Yeni albümünüz “ımza”nın satışları nasıl gidiyor? Memnun musunuz?
- Çok iyi gidiyor. “Sevişmeden Uyumayalım” iyi bir çıkış yaptı. Dijital satıştan alınan bilgilere göre de oldukça seviliyor şarkı. Albüm çıkmadan şarkılar internete düştü. Böyle olunca da hemen dijital satışa sunduk. Çok emek harcadık ve çok da güvendiğimiz bir yerde duruyordu. Böyle bir haksızlık nasıl oldu, anlamış değiliz...
Artık dijital pazarda da hayat var değil mi?
- Var gibi görünüyor. Korsan MP3’leri de durdurmanın en etkili yolu şimdilik bu. Ama tam olarak “çözüm oldu” diyemiyoruz hâlâ. Dinleyicilerin bir kısmı çok şuursuz davranıyor. Kendi dinleyici kitlemden biliyorum, internetten albüm indirenler bir şey olmayacak sanıyor ama bu müzik sektörü için ciddi bir tehlike.
Avrupa’da müzik sektöründe haklar çok iyi korunuyor. Devasa müzik marketleri var, buralarda Amy Winehouse gibi birçok ünlü ismin CD’leri, plakları satılıyor...
- Evet, çok başarılılar. Ben de bir gün özel olarak plak çıkarmayı düşünüyorum. Zaten benim düşkün olduğum bir koleksiyon sahası. Küçüklüğümden beri severek takip ettiğim bir alan. Evde Tina Turner’dan Zeki Müren’e uzanan sağlam bir koleksiyonum var. Tek sorun, pikabımın iğnesinin kırılmış olması. Bu yüzden dinleyemiyorum şu sıralar.
Bu sağlam koleksiyonu kendiniz mi oluşturdunuz?
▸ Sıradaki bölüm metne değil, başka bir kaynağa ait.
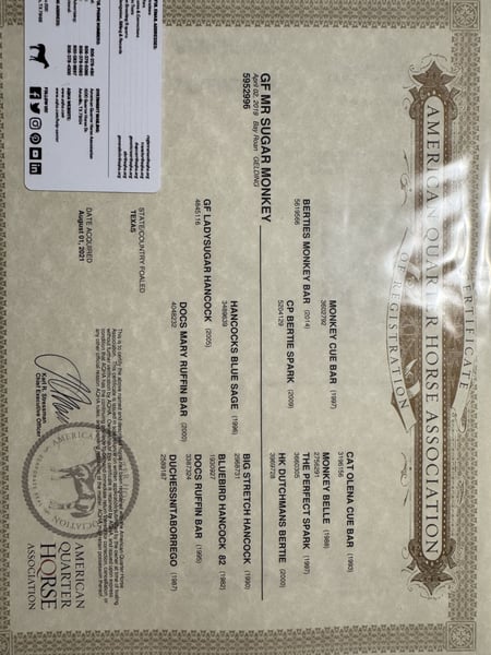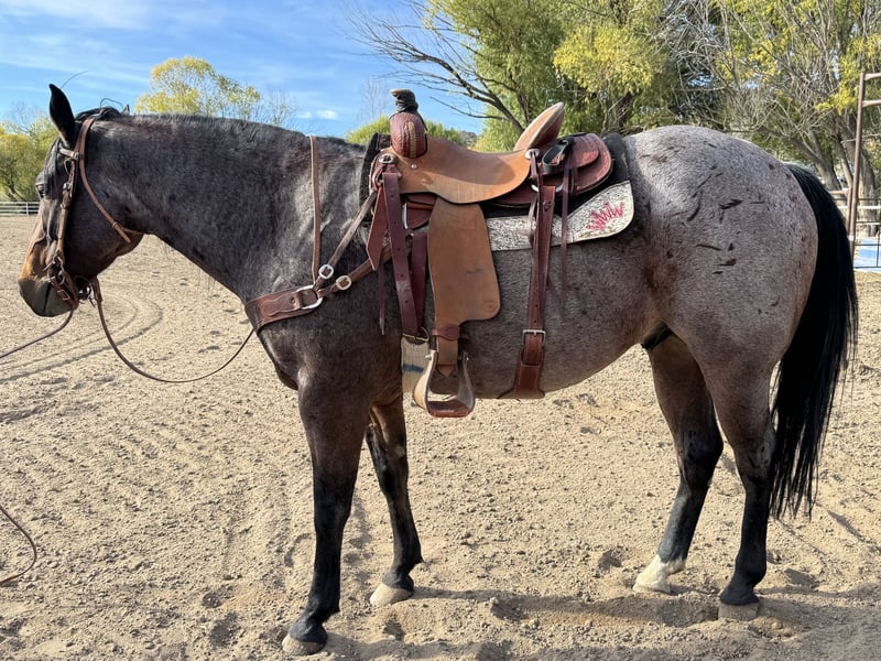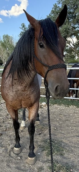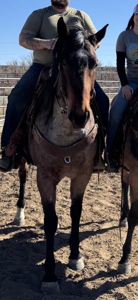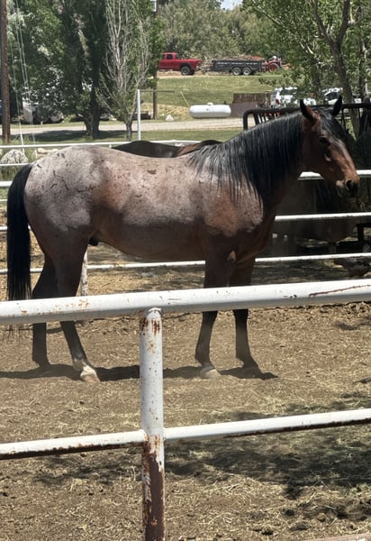 GF Mr. Sugar Monkey 2019 AQHA Bay Roan Gelding. 16.2hh top of wither. This horse is big bones and strong. He is handsome and big enough for any job. PPE Welcome at potential buyer's expense. UTD on vaccines and worming. Stands tied (no pulling back) Stands for shoer. Trailers like a dream! Current Coggins. He has a nice foundation on him; he has not been finished in any discipline. He has been used mainly for ranching, dragging cows, and roping. He has not worked a steer in about 6 months and has not been headed off for about two years. He hauls and rides out alone although, he prefers company. He has good ground manners, and the kids have ridden him. He has had one incident of bucking last year, and we are not sure why, as it is not typical for him. He needs a full-time job to be at his best or at least ridden weekly. This guy is beauty and brains. He can go in any direction and would make a great roping partner with finishing. He is best suited for an experienced rider.

- Biraz babamın arşivinden, biraz teyzemin arşivinden... Bir de pasajlardan plak topluyorum. Sesi ve havası çok farklı plakların. Son derece nostaljik ve romantik... Pürüzlü sesi seviyorum ben. Evde gramofonum da var mesela. Seviyorum bu işleri.
SAHNEDE OLMAK İBADET ETMEK GİBİ
Dişiliğinizin ön planda olduğu yeni imajınız nasıl bulundu? Hayranlarınız ve çevreniz ne tepki verdi bu değişikliğe?
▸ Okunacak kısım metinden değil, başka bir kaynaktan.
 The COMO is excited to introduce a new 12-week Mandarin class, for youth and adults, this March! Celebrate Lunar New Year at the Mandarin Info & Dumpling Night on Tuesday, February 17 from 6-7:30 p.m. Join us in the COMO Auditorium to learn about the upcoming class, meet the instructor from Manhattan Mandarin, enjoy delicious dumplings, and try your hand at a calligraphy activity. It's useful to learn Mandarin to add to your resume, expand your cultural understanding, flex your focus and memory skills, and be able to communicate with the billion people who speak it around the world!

- Çok beğenildi. ılk albümde görsel olarak öne çıkmak istememiştim. şimdiyse herkes “Bu imajınız çok güzel olmuş, hem göze hem de kulağa hitap ediyorsunuz” gibi yorumlar yapıyor. Yeni fotoğraflar da çok aydınlık. Mehmet Turgut’un çok farklı bir gözü var. Onunla böyle havada beyaz tüylerin uçuştuğu bir konuya karar verdik. Bu arada 2 bin adet albümün içine klipte kullanılan tüylerden konuldu. Albümü alanlar bu tüylerle karşılaşabilir.
Konserlere ne zaman başlayacaksınız?
- İlk konser 4 Mayıs’ta. Üniversitelerle başlıyoruz, sonra da yaz konserleriyle devam edeceğiz. Sahne bizi ayakta tutan ve kendimizi tam anlamıyla müzisyen hissettiğimiz tek yer. Bir tür ibadet gibi, ruhlarımız aklanıyor orada.